А проникновения в запредельные пространства с Волком встречались всё реже, а всё чаще игра превращалась в нудную рутину на фоне пёстрых бардаков. И всё трудней ему было соблюдать зарок, который они с Голодным дали друг другу ещё тогда, когда были вместе: ни одной нотой своей не служить режиму. Раньше, когда их никто, кроме своих, не слушал и концерты устраивались не Рос. Мос. и Ленконцертами, это условие было легко выполнимым. А теперь не то. Режим стрижёт с них купоны и ими себя оправдывает и прославляет, что бы там эти рокеры не пели. А рокерам не всё ли равно, кто устраивает концерт? Для них ведь главное деньги, слава и тёлки.

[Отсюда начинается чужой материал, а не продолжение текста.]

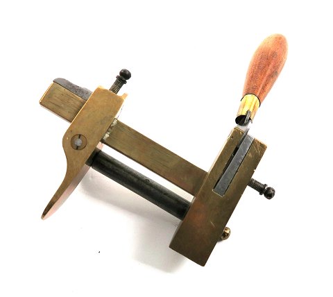 Antikt skæreværktøj af messing og jern med træhåndtag

И режим вместе с теми, кто его олицетворял, были недалеки от истины. Самые забойные антирежимные хиты лучших отечественных рок-звёзд, на Волчий зоркий взгляд, были просто зеркальным отображением режима. Звучали они все маршеобразно, и если не вслушиваться в слова, то задорно и боевито, как и положено настоящей комсомольской песне, а тексты густо напичканы лозунгами и клише из культурно-патриотического обихода, только в менее конкретном применении. Вот, например, типичные клише, взятые наугад из самых популярных, якобы не режимных песен:
Лучше быть мёртвым, чем вторым.Мы вместе.Ни шагу назад, только вперёд.Кто не с нами, тот против нас.
И т. д.
Кажется, будто они валяют дурака над системой и классом-гегемоном под видом китча. А на самом деле с рождения поражены системой в голову и мыслить иначе просто не могут. И махание флагами и сельхозеимволикой на самых крутых концертах — тот же самый энтузиастический режимно-коммунальный шабаш, почти без смены декораций. Но эпохальность и литую звонность музыка эта приобретала всё же не сама по себе, а сплавленная воедино в тигле здоровой социалистической песни с такими странными ингредиентами, как блатная лагерная феня и кабацкая лирика, кристаллизовавшаяся в шумных и «тихих кабинетах ресторанов», где преемственно «снимали тонкие трусы» гулявшие в обществе цыган аристократки, буржуазки и мещанки, затем нэпманки, бандитские подружки и сбившиеся с панталыку пролетарки и комсомолки, дальше сталинские кокотки и лауреатки Государственных премий, а потом уже всякая шваль, отпотевшая во времена «хрущёвской оттепели» и забуревшая в период «застоя». Кабатчине даже тесны стали тихие кабинеты, и она ураганом ворвалась на сцены спортивно-концертных комплексов, подтверждённая в своём свирепом праве на жизнь рёвом десятитысячных толп экс-строителей коммунизма.